Request, Response Flow

Let's check our Request-Response flow. If you have never worked on web API and don't know what is a Request, Response, then let me explain that to you. The query a user send to the server using his device/browser is a Request and the answer by the server is the Response.
Check this simple flow diagram, Arch.png We will not build any fancy webApp, so we will mimic the request-sending process using the Postman client on the Desktop. Postman is a mature app that is used to test web API. You can get that from Here
Our server will be hosted on Google Colb which is a cloud-based Notebook as a service.
Our model will be a CNN model trained on the MNIST digits dataset. Request data will be an image made on a digital whiteboard with a Hand-written digit using a stylus.

Let's Code

Our server code will have 4-key components,

  1. The model - This is the trained model ready to serve i.e. response to the predicted call
  2. Pre-processing function - You must be aware of the pre-processing step while training the model. Now we have to apply the same set of steps to the new data. The most important part of this step is to be aware of the statistics used in training because you can't calculate these statistics e.g. mean/std etc. every time for the training+new_test data.
    We will also place any generic utility here e.g. MNIST will be trained on b/w data but we may receive a coloured image in the request.
  3. Web API - This is our Flask based API. The responsibility of the API to accept the request. Perform the basic data validation, call the pre-processing/predict function and finally send the Response back to the Client.
  4. ngrok overhead - This component is not the part of our required components but we need this as a workaround to get a Public API out of Google Colab. So you can safely skip this part and use it simply as-it-is i.e. copy-paste.

Model and Flask Server

import numpy as np
from keras.models import load_model
from tensorflow import keras

# Load the model
model = load_model('/content/drive/MyDrive/Colab Notebooks/Blogs/10xAI_Blog_0022_ML-Serving/CNN_MNIST.h5')
x_train_max = 255.
x_train_min = 0.
path = "/content"

def pre_process(img_path):
    # load, B/W, Resize image
    img = keras.preprocessing.image.load_img(img_path, color_mode='grayscale', target_size=(28, 28))    
    img_arr = keras.preprocessing.image.img_to_array(img)

    # scale
    img_arr = (img_arr - x_train_min)/(x_train_max - x_train_min)
    img_arr = img_arr[np.newaxis,:,:]

    # predict and return
    return np.argmax(model.predict(img_arr), axis=-1)[0]

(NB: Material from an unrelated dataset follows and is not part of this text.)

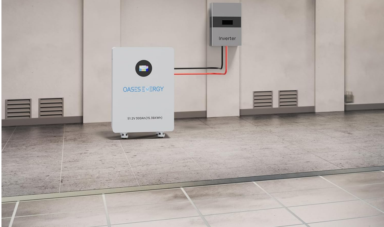
Figure 4.3: The Oasisenergy battery connected to an inverter, demonstrating a typical setup for home energy storage or off-grid applications.

Connect the battery to your inverter system using appropriate cables and connectors. Ensure all connections are secure and correctly polarized. The battery supports parallel connection of up to 16 units for increased capacity. Serial connection is not supported.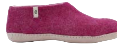
• Cerise •

Image is loaded from the path in Grayscale format with a size of 28x28
All other parts of the code is quite trivial and self-explanatory.

With the above code snippet, we have created the training parameters, loaded the model and created the pre-processing function.
Let's build the Flask API

from flask import Flask, request
import time,os

app = Flask(__name__)

# Create a method for /
def home():
    return "<h1>Running Flask on Google Colab!</h1>"

# Post method for Predict
def predict_():

    # Get request param
    uploaded_file = request.files['file']  #1

    # Check it is a valid image file
    # Do it yourself

    # Save to DB/Disk
    img_path = os.path.join(path,uploaded_file.filename+time.strftime("%Y%m%d-%H%M%S"))
    img =  #2

    #Pre-processing and prediction
    digit_class = pre_process(img_path)  #3

    # Prepare output
    res = {"Digit": int(digit_class)}  #4

    return flask.Response(response=json.dumps(res), status=200, mimetype='application/json')

#1 - Till this line, we have use the standard code of Flask. Check the official docs Here
#2 - We should save our input for further analysis. For demo purpose we have just save to the disk.Concatenated the timestamp in the filename
#3 -Called the pre_processing function
#4 -Build the simple response JSON

Now we are left with creating a tunnel path using ngrok to make this API available publicly. We have use pyngrok for this. Post that we will start the Flask server.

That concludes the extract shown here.